8.9 Missing Data Imputation
Time-series data in industrial environments frequently has gaps — sensors go offline, network interruptions delay data delivery, or hardware faults cause temporary measurement loss. Missing data imputation fills these gaps with estimated values, ensuring that downstream analyses, averages, and KPI calculations are not skewed by missing readings.
Missing data imputation via TDgpt requires the TDgpt module to be installed alongside IDMP. It does not require an LLM connection.
IDMP provides AI-based imputation through TDgpt, which uses learned patterns from the signal's historical behavior to estimate what the values during a gap should have been.
How Imputation Works
TDgpt's imputation capability operates on a time window of historical data around a gap. It applies a trained model to predict the most likely values for the missing timestamps and writes those estimates back into the data. The imputed values are flagged as estimated, distinguishing them from actual sensor measurements.
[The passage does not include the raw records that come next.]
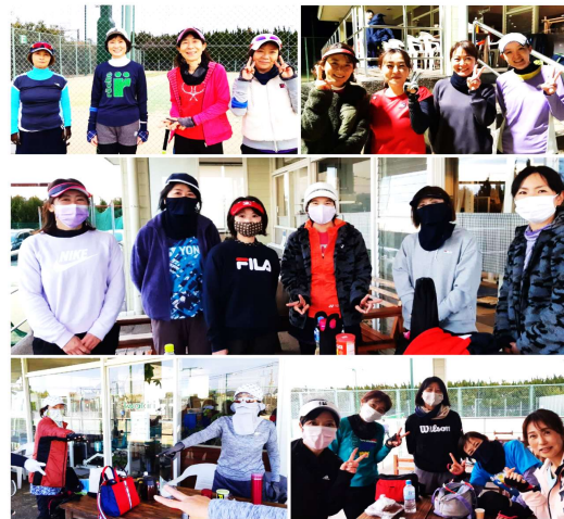
* とある一週間の朝～夜までの切り抜き *
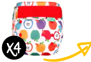
TOTBOTS Easyfit Star

Le système le plus simple : culotte imperméable et tissus absorbants sont cousus ensemble.
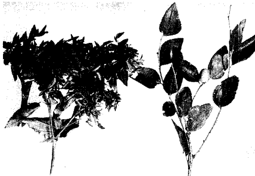
Fig. 1. Remission of witches'-broom symptom in diseased jujube tree after oxytetracycline-HCl (OTC) injection.

+ : more severe symptom than previous year.
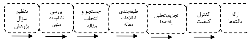
شکل ۱. مراحل هفت‌گانه پژوهش (سندلوسکی و بارسو)

در این پژوهش از روش هفت مرحله‌ای فرا ترکیب سندلوسکی و بارسو (۲۰۰۷) استفاده شده که در شکل ۱ نشان داده شده است.
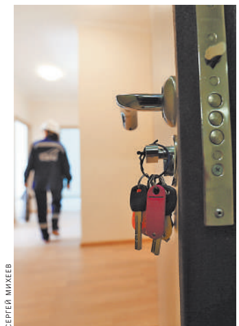
По прогнозам, в 2020 году средняя стоимость метра на вторичном рынке вырастет примерно на 6%.

На вторичном рынке жилья — стагнация. Цены больше не растут, а спросом пользуются только небольшие, ликвидные квар-
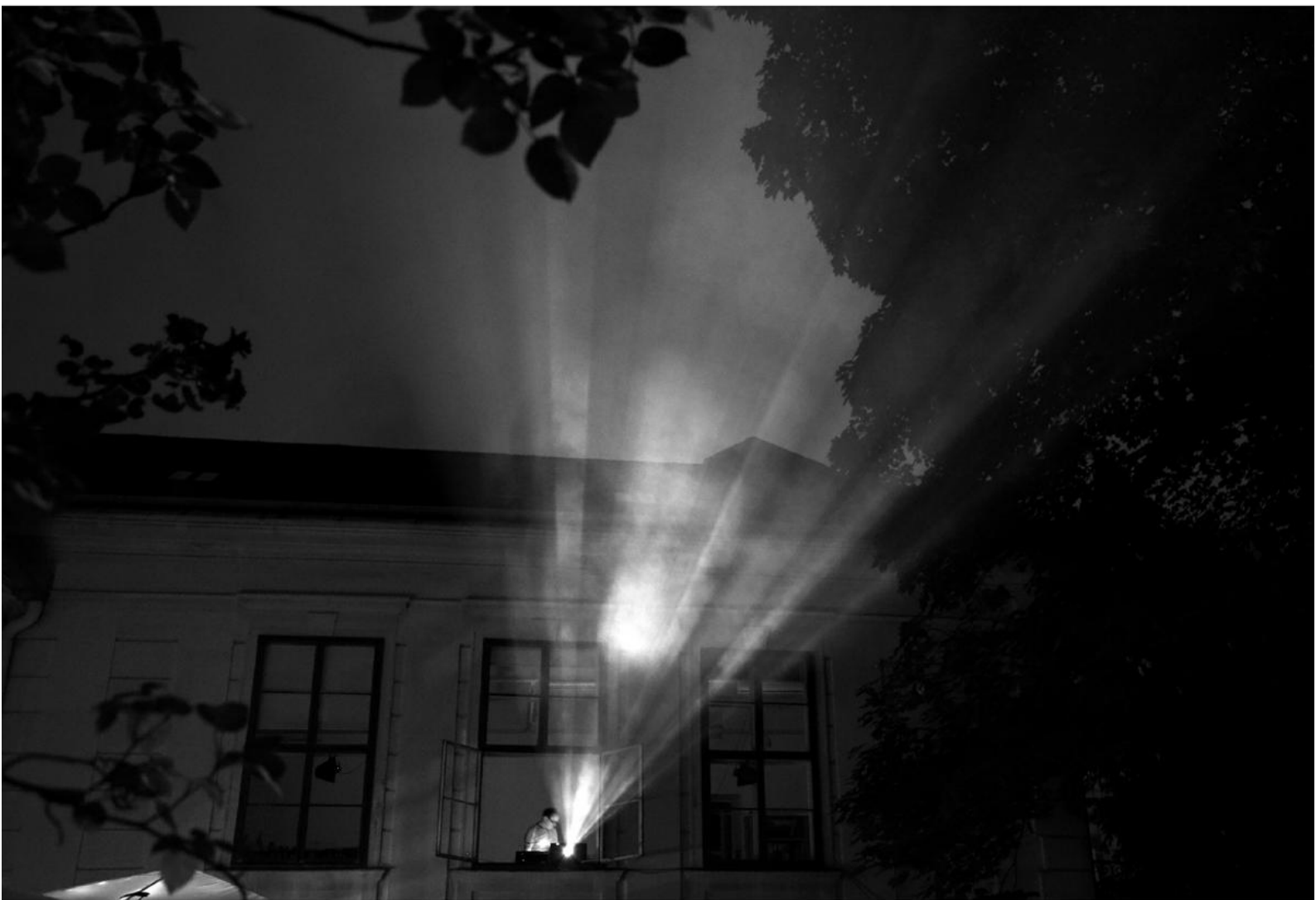
Projektionsfläche Museum beim Open Air Kurzfilmfestival im Garten.
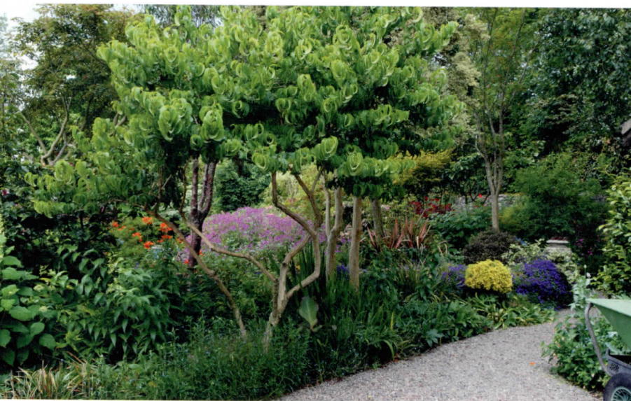
Heptacodium miconioides kenmerkt zich door de late zomerbloei.

Anno Kuindersma van Anno 2000 kiest voor Heptacodium miconioides . „Ik ontdekte de plant bij de kwekerij van Albert Leemreize waar een volgroeid exemplaar staat.“ Groot voordeel vindt hij dat Heptacodium ook als meerstammige solitair is te gebruiken. De sierwaarden zijn volgens hem divers. „Door de late zomerbloei, iets dat bij weinig andere bomen voorkomt, is Heptacodium laat in het seizoen een echte blikvanger. Extra is dat bijen graag de bloemen bezoeken.“ Tijdens de wintermaanden ziet hij sierwaarde in de afbladderende bast. „Dat komt vooral bij een opengesnoeide kroon mooi tot zijn recht.“ Kuindersma plaatst Heptacodium graag als meerstammige struik tussen vaste planten. Dat zorgt volgens hem voor jaarrond body. Over de verkrijgbaarheid is hij tevreden. „Grote meerstammige exemplaren zijn soms prijzig maar zorgen wel voor het versnellen van het eindbeeld.“
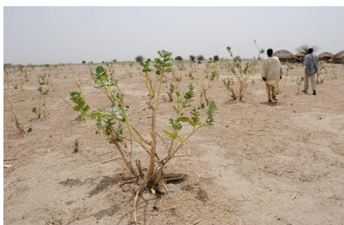
Figure 5 - Paysage semi-aride au Sahel

Les actions de lutte contre la dégradation des terres et la désertification n'ont généralement pas de bénéfices immédiats et directement valorisables économiquement. Cela ne facilite pas une forte mobilisation des financements auprès des groupes pays de l'annexe I et du secteur privé (a contrario de ce qui se produit sous le Protocole de Kyoto, où les privés ont intérêt à générer et échanger des « crédits carbone » issus de projets d'atténuation).
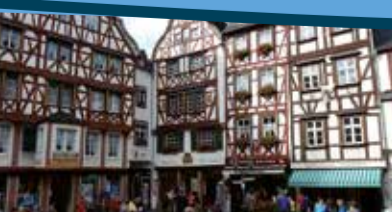
Bummeln in Bernkastel Kues
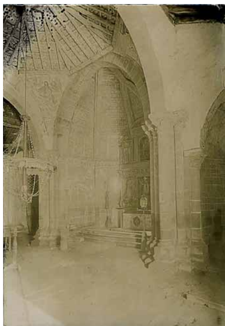
Fig. 4.—Interior de la iglesia del monasterio de San Juan de Montealegre (León) en 1908.
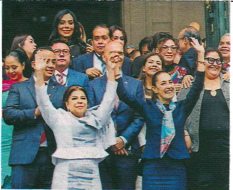
La presidenta, Claudia Sheinbaum, acompañó a Clara Brugada en el Congreso
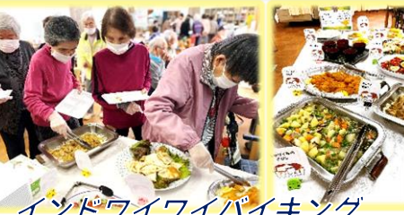
インドワイワイバイキング
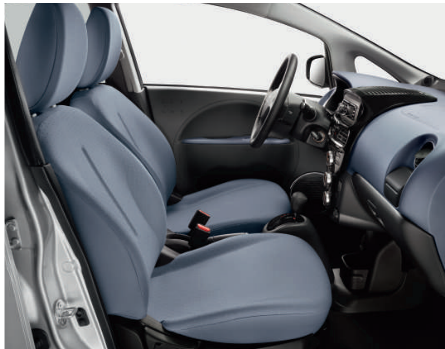
Tissu Parfait Knit Bleu
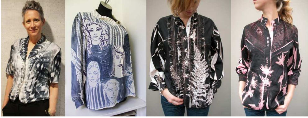
Resim.13-1999 yılında yapılan projeye ait örnekler (URL13)

kullanılan yukarı dönüşüm, hem bir ürünü oluşturmak için gereken hammadde gereksinimini azaltmakta hem de ürünlerin kullanımından doğan atık miktarını azaltmaktadır. Tekstil tasarımcısı hem geri dönüşüm hem de yukarı dönüşüm ile ilgili bir bilinç de geliştirebilir. Örneğin kullanılmış bir ürünün parçalanarak yeniden kullanılmasını ya da atıl durumda olan ürünleri hiçbir kimyasal işlemden geçirip parçalamadan malzemenin nitelikleri korunarak daha işlevsel bir ürüne dönüştürme konusunda tasarım pratikleri ortaya koyabilir. Bu duruma örnek olarak Profesör Rebecca Earley in ortaya koymuş olduğu tasarım koleksiyonlar verilebilir.
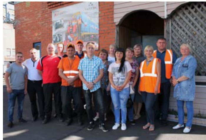
Конкурсанты в номинациях Лучший дежурный по станции и Лучший составитель поездов
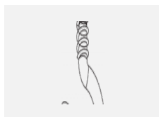
XTAK11-1, grey háček, šedá
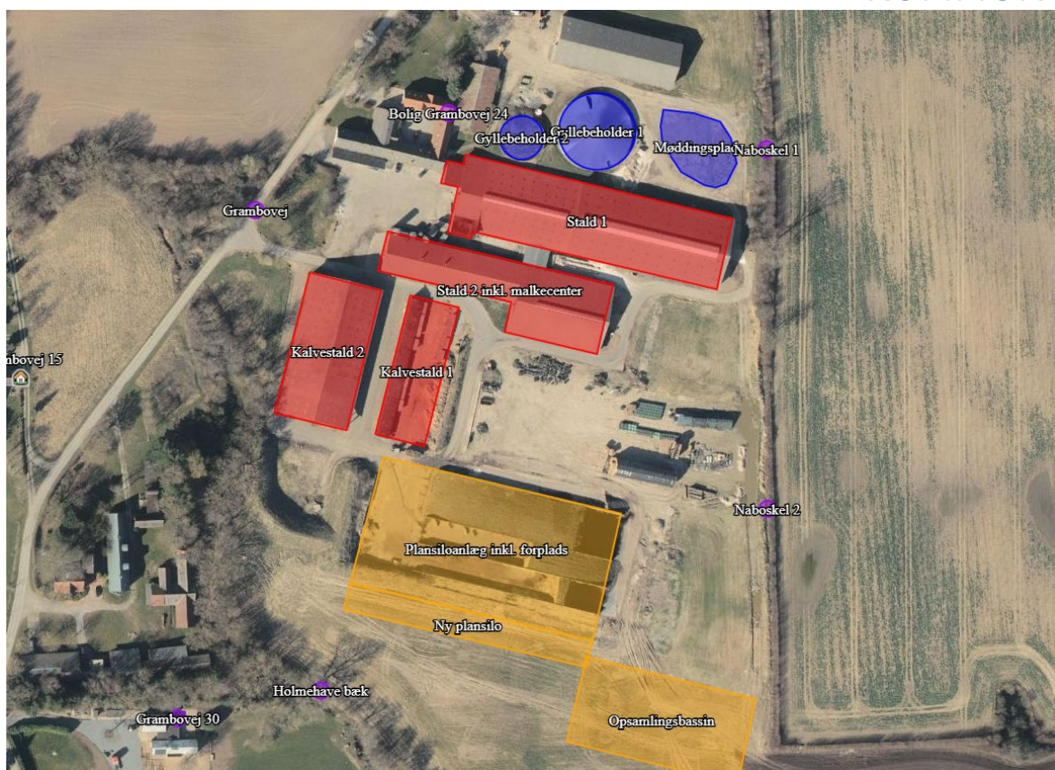
Figur 1: Oversigt over staldbygninger (rødt), gødningslagre (blåt) og øvrige anlæg (gul) på Grambovej 24, 5690 Tommerup.

Det samlede produktionsareal for det ansøgte staldanlæg er på i alt 4.545 m 2 . Placeringen af produktionsarealet fremgår af figur 1 (rødt).

Imputation is complementary to TDengine's native interpolation functions (INTERP, FILL). Native interpolation uses simple strategies (linear, previous value, next value) and is suitable for short, predictable gaps. TDgpt imputation uses learned patterns and is better suited for longer gaps, irregular signals, or cases where simple interpolation would produce unrealistic values.
Configuring Imputation
Imputation is configured directly from a Trend Chart panel. Open a Trend Chart that displays the attribute with missing data, then use the imputation control icon on the right side of the chart to enable imputation and select the method.
Supported TDgpt Algorithms
| Algorithm | Characteristics |
|---|---|
| MEAN | Fills gaps with the local mean of surrounding values — fast and robust for stable signals |
| IEM | Iterative expectation-maximization — suitable for correlated multivariate signals |
| LSTM | PyTorch LSTM model — captures temporal dependencies for complex, non-stationary signals |
| TDtsfm | TDengine's time-series foundation model |
Viewing and Toggling Imputation in a Trend Chart
Imputed values appear in Trend Chart panels and attribute history views alongside measured data, visually distinguishable from actual sensor measurements.
In the Trend Chart panel, an imputation control icon on the right side of the chart lets you toggle imputation on or off directly from the chart view, without changing the attribute configuration. Use this to compare the raw data (with gaps) against the imputed view.